The Nuclear Energy Institute (NEI), the trade group representing the nuclear power industry, dismissed the new study as full of "myths" about nuclear job creation. It noted that reactors built using loan guarantees to foreign-owned utilities would still create US jobs.
"Yes, the ultra-large forgings [for reactor vessels] can only be sourced from Korea and Japan," says Leslie Kass, senior director of business policy and programs for the NEI in Washington. "But the lion's share of the worker jobs created by reactor construction are thousands of construction jobs that have to happen here."
The French nuclear company AREVA and Northrop Grumman Shipbuilding, she noted, are building a new manufacturing facility in Newport News, Va., that will make reactor vessels, steam generators, and pressurizers, creating about 500 local jobs.
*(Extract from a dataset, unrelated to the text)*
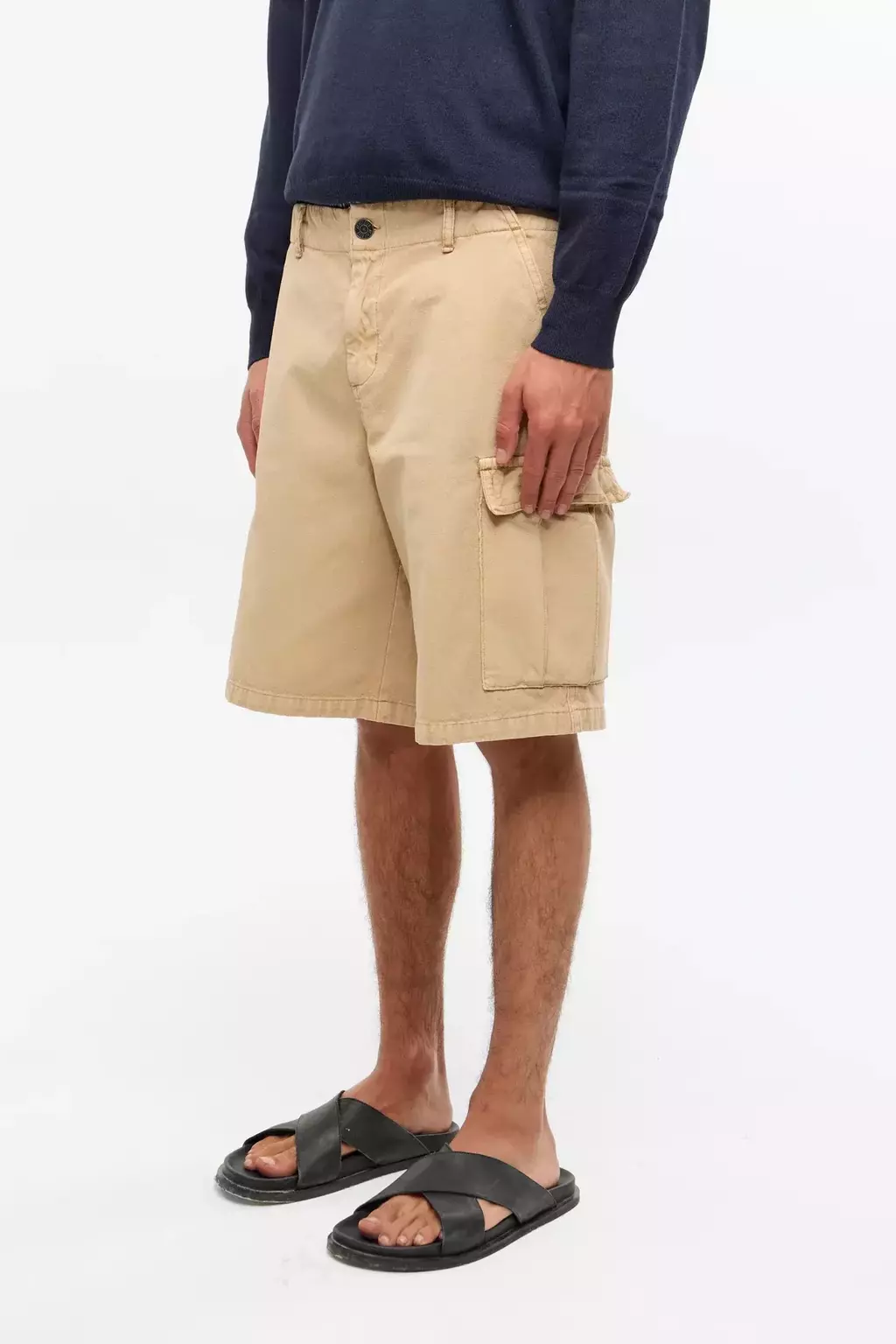 Bermuda de canvas rígido teñido. Cintura continua con presillas, botón jeanero a la vista y cierre. Bolsillos diagonales en delantero y bolsillos ojales con tapa en espalda. Bolsillos cargo con tapa en laterales de la pierna.

Another manufacturing site in Port of Lake Charles, La., began assembling structural, piping, and equipment modules for new nuclear plants last year. That site will employ between 700 and 1,400 local workers at full capacity.
Southern Co., which received the first government loan guarantees, has said that about 80 percent of the funds spent on components and labor used in building two reactors at Plant Vogtle in Georgia will come from US sources.
Such arguments are no solace to David Herman, vice president of The Alliance for Generational Equity (AGE), who joined NIRS in a teleconference unveiling the activists' study. He noted that he and his group are not opposed to new nuclear power reactors, but are opposed to federal loan guarantees for them.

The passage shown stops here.